Posted to notifications@couchdb.apache.org by GitBox <gi...@apache.org> on 2020/09/17 23:08:25 UTC

[GitHub] [couchdb] chewbranca opened a new issue #3160: Work around statistics(run_queue) returning incorrect data

chewbranca opened a new issue #3160:
URL: https://github.com/apache/couchdb/issues/3160


   [NOTE]: # ( ^^ Provide a general summary of the issue in the title above. ^^ )
   
   ## Description
   
   In the `/_system` endpoint, particularly in the `chttpd_node:get_stats/0` function, one of the data points returned is an integer reflecting the total sum of the length of all run queues [1]. With the introduction of dirty schedulers in Erlang, the `statistics(run_queue)` statistic now includes information about the depth of the dirty CPU and IO queues, however, the documentation indicates it should not be including those values. At least that's how it appears to me, I've filed a bug on the matter [2] and I'll keep an eye on that.
   
   In the meantime, we can isolate the scheduler run queues from the dirty scheduler run queues, and report those values separately which will ensure we have an accurate value for `run_queue` and also allow us to introduce a new value for the dirty CPU queue.
   
   For more context, CouchDB uses several NIFs, but none of them are dirty NIFs. However, OTP's `rsa_generate_key` function _is_ a dirty NIF, and will flow through the dirty NIF CPU queue. If you're using something like HAProxy for SSL termination, you won't normally encounter this, however, we can still end up making dirty NIF calls for a push replication to a remote instance over https.
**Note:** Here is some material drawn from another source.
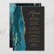 Teal Blue Agate Gold Modern Script Wedding Menu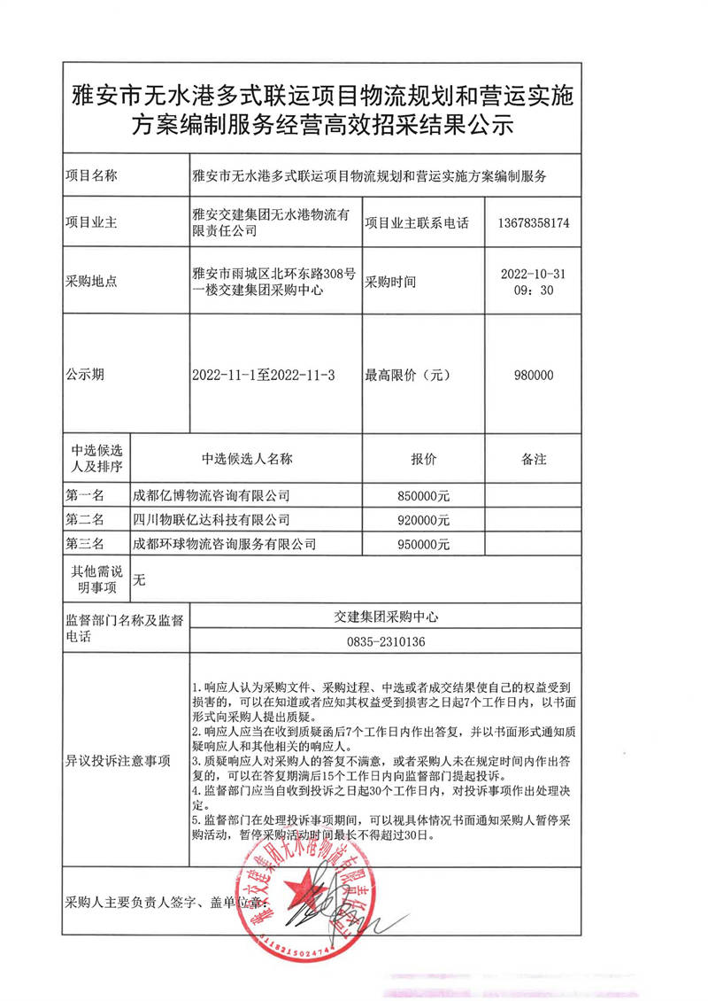 雅安交建集團(tuán)無水港物流有限責(zé)任公司雅安市無水港多式聯(lián)運(yùn)項(xiàng)目物流規(guī)劃和營(yíng)運(yùn)實(shí)施方案編制服務(wù)經(jīng)營(yíng)高效招采結(jié)果公示

The end result is that the `run_queue` statistic in the `/_system` endpoint will reflect the amount of crypto work going through the dirty cpu queue and will give false positives on run_queue overload, as elevated run_queues are usually indicative of the Erlang VM having more work to handle that resources available.
   
   [NOTE]: # ( Describe the problem you're encountering. )
   [TIP]:  # ( Do NOT give us access or passwords to your actual CouchDB! )
   
   ## Steps to Reproduce
   
   [NOTE]: # ( Include commands to reproduce, if possible. curl is preferred. )
   
   See the bug report in [2] for more details.
   
   ## Expected Behaviour
   
   [NOTE]: # ( Tell us what you expected to happen. )
   
   ## Your Environment
   
   [TIP]:  # ( Include as many relevant details about your environment as possible. )
   [TIP]:  # ( You can paste the output of curl http://YOUR-COUCHDB:5984/ here. )
   
   * CouchDB version used:
   * Browser name and version:
   * Operating system and version:
   
   ## Additional Context
   
   [TIP]:  # ( Add any other context about the problem here. )
   
   [1] https://github.com/apache/couchdb/blob/master/src/chttpd/src/chttpd_node.erl#L216
   [2] https://bugs.erlang.org/browse/ERL-1355
   


----------------------------------------------------------------
This is an automated message from the Apache Git Service.
To respond to the message, please log on to GitHub and use the
URL above to go to the specific comment.

For queries about this service, please contact Infrastructure at:
users@infra.apache.org

[GitHub] [couchdb] chewbranca commented on issue #3160: Work around statistics(run_queue) returning incorrect data

Posted by GitBox <gi...@apache.org>.

chewbranca commented on issue #3160:
URL: https://github.com/apache/couchdb/issues/3160#issuecomment-697759402


   Alright, I've got two PRs out for the 3.x line and the main line:
   
   main: https://github.com/apache/couchdb/pull/3168
   3.x: https://github.com/apache/couchdb/pull/3161


----------------------------------------------------------------
This is an automated message from the Apache Git Service.
To respond to the message, please log on to GitHub and use the
URL above to go to the specific comment.

For queries about this service, please contact Infrastructure at:
users@infra.apache.org

[GitHub] [couchdb] chewbranca closed issue #3160: Work around statistics(run_queue) returning incorrect data

Posted by GitBox <gi...@apache.org>.

chewbranca closed issue #3160:
URL: https://github.com/apache/couchdb/issues/3160


   


----------------------------------------------------------------
This is an automated message from the Apache Git Service.
To respond to the message, please log on to GitHub and use the
URL above to go to the specific comment.

For queries about this service, please contact Infrastructure at:
users@infra.apache.org

[GitHub] [couchdb] chewbranca commented on issue #3160: Work around statistics(run_queue) returning incorrect data

Posted by GitBox <gi...@apache.org>.

chewbranca commented on issue #3160:
URL: https://github.com/apache/couchdb/issues/3160#issuecomment-697973296


   I've merged both PRs, and now the CouchDB run_queues statistic represents the same values as before, along with a new statistic for the dirty cpu queue. Closing this out.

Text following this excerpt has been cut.